As for GCC, The GNU project changed the license for their compiler sometime after the 4.2.1 release to the GPLv3. Meanwhile, up until the Clang 9.0.0 release, Clang was developed under a permissive license (NCSA). We're facing a similar problem now with LLVM/CLang, with their re-licencing to the non-permissive Apache 2.0 license.
clang doesn't derive from gcc in any meaningful way (it does implement some gcc extensions though). There's two main reasons that LLVM and clang really got a lot of wind behind it, and that's largely Apple and the GPLv3. Apple decided that they wanted more control over their objective c and other compiler infrastructure so they threw resources at the burgeoning LLVM to start trying to get it competitive. That was driven both by the difficulty of maintaining a GCC frontend & port, and also by the license change to GPLv3 that happened. That's also why the *BSD and other projects started throwing support behind LLVM and clang, because the GPLv3 put further restrictions on them that they didn't agree with which is also why gcc 4 is the latest version of gcc to ship by default with openbsd. That's also what has kept such an old version of bash on macos/osx. Clang's more favorable (for a distributor) licensing makes it easier to deal with for shipping by default.

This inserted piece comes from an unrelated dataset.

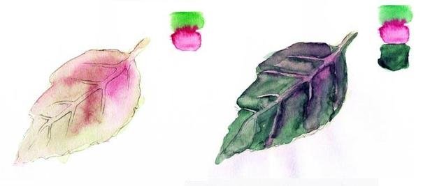 ![Лессировка акварель листья]()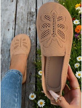 Sapatos femininos de malha marrom claro com estampa de borboleta – sapatos baixos e respiráveis para caminhadas de verão, dirigir e conforto casual.

That's also not to discount some of the other efforts that clang made to make developer's lives easier with better error messages and for a decent amount of time, better static analysis tools (they're fairly comprable now). Those definitely helped but I don't believe that they drove nearly the same amount of time and resources compared to the above points.
EDIT: missed the bit about the libc stuff in parent comment
GNU libc and gcc are completely separate. As the sibling stated, the BSDs and other systems didn't use them and gcc doesn't require or directly use it either. There is a libgcc that gcc usually needs, that provides a bunch of boilerplate/other stuff to bring up the executable but that isn't part of either the C language or the C library. It's things like a definition of the _start() entrypoint and things to handle setting up static variables during initialization and that kind of thing. It's also got a GPL exception specifically in it's license to avoid conflicts with having to link with it. It is possible to build things with gcc without linking to that library, but you end up having to provide it all yourself. This is how gcc usually gets used on smaller embedded systems that don't need all the things it provides otherwise.
clang did not derive form gcc. apple gave it funding because they don't like the GPL. and then everyone else who had distaste for the GPL (BSD people) also switched over when clang/llvm were up to par.